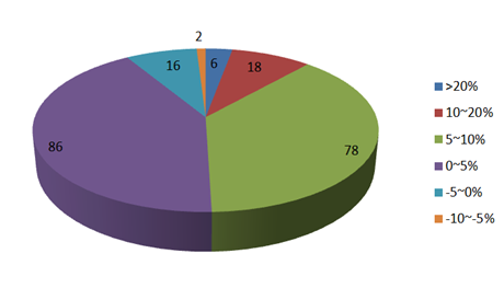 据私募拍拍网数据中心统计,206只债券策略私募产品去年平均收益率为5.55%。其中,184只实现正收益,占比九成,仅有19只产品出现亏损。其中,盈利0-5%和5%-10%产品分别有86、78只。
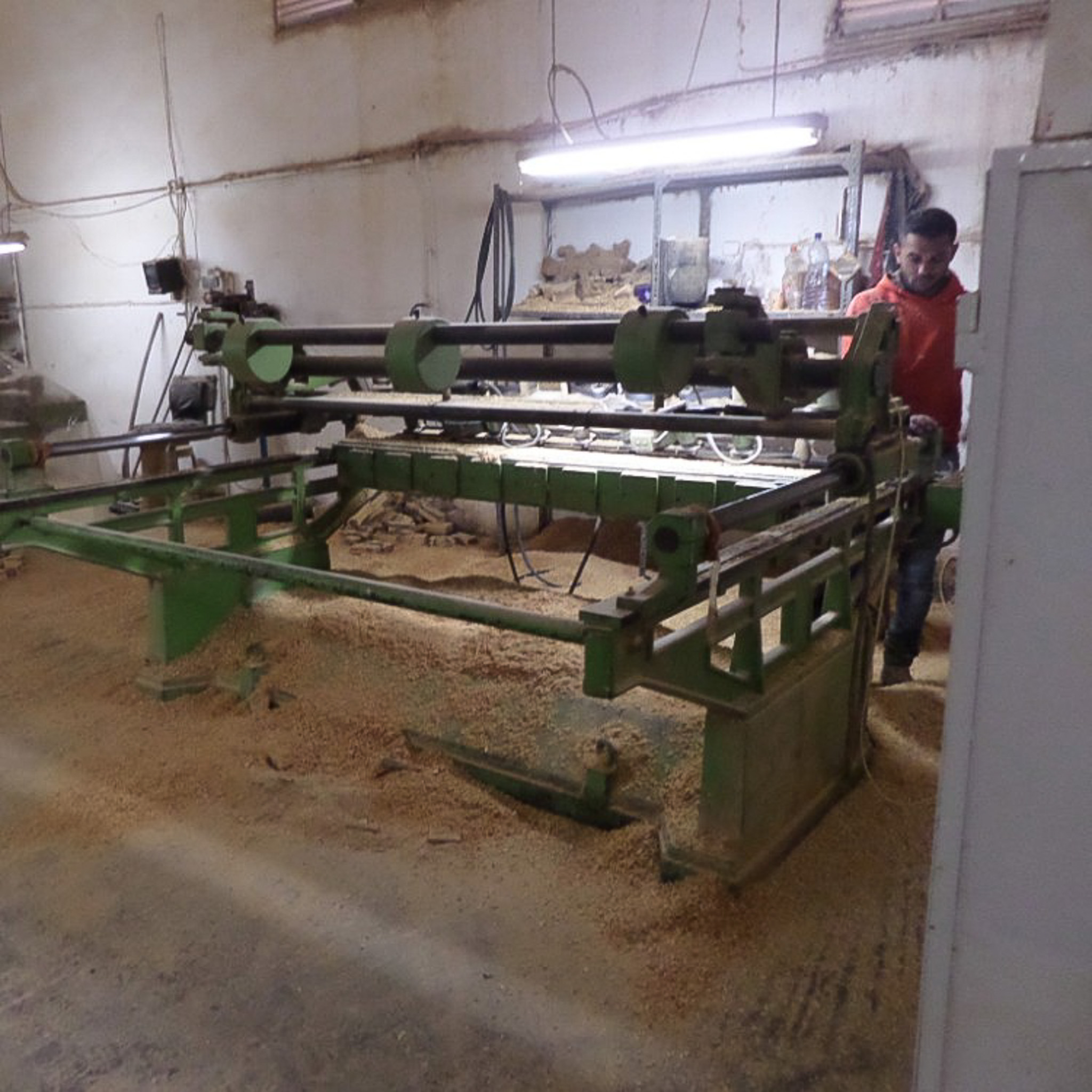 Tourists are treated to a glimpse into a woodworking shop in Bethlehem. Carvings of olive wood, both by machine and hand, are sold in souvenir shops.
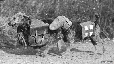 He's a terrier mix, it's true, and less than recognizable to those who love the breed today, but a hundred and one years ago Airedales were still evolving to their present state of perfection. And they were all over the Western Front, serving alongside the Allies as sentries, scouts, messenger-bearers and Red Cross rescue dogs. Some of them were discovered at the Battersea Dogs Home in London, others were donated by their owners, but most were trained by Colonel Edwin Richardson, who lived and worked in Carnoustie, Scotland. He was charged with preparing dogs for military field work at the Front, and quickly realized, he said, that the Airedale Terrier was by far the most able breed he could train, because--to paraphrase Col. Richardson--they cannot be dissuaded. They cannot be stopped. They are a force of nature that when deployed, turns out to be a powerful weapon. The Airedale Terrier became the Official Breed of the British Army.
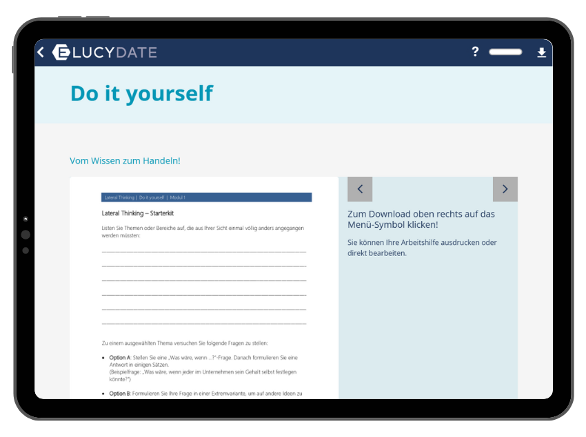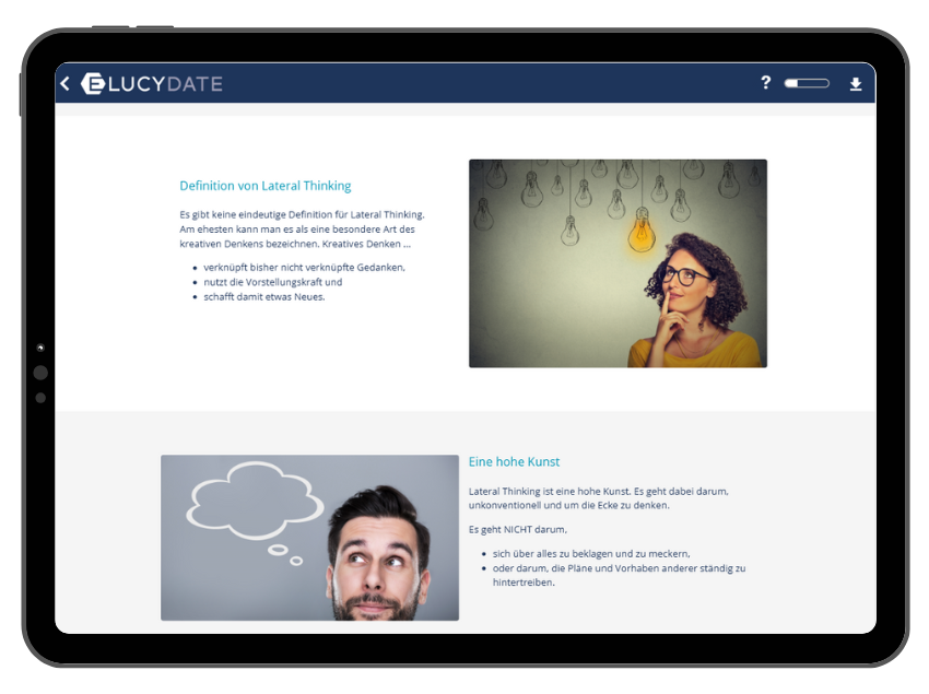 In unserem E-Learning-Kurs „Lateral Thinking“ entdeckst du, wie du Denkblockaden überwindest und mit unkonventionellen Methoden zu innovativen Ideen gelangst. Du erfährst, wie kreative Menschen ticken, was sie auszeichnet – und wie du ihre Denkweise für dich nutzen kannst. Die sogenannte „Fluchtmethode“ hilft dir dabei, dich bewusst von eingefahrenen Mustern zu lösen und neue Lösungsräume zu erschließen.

The problem
Would you retype each line above exactly and skip every image?

Task response
 据私募拍拍网数据中心统计,206只债券策略私募产品去年平均收益率为5.55%。其中,184只实现正收益,占比九成,仅有19只产品出现亏损。其中,盈利0-5%和5%-10%产品分别有86、78只。
 Tourists are treated to a glimpse into a woodworking shop in Bethlehem. Carvings of olive wood, both by machine and hand, are sold in souvenir shops.
 He's a terrier mix, it's true, and less than recognizable to those who love the breed today, but a hundred and one years ago Airedales were still evolving to their present state of perfection. And they were all over the Western Front, serving alongside the Allies as sentries, scouts, messenger-bearers and Red Cross rescue dogs. Some of them were discovered at the Battersea Dogs Home in London, others were donated by their owners, but most were trained by Colonel Edwin Richardson, who lived and worked in Carnoustie, Scotland. He was charged with preparing dogs for military field work at the Front, and quickly realized, he said, that the Airedale Terrier was by far the most able breed he could train, because--to paraphrase Col. Richardson--they cannot be dissuaded. They cannot be stopped. They are a force of nature that when deployed, turns out to be a powerful weapon. The Airedale Terrier became the Official Breed of the British Army.
 In unserem E-Learning-Kurs „Lateral Thinking“ entdeckst du, wie du Denkblockaden überwindest und mit unkonventionellen Methoden zu innovativen Ideen gelangst. Du erfährst, wie kreative Menschen ticken, was sie auszeichnet – und wie du ihre Denkweise für dich nutzen kannst. Die sogenannte „Fluchtmethode“ hilft dir dabei, dich bewusst von eingefahrenen Mustern zu lösen und neue Lösungsräume zu erschließen.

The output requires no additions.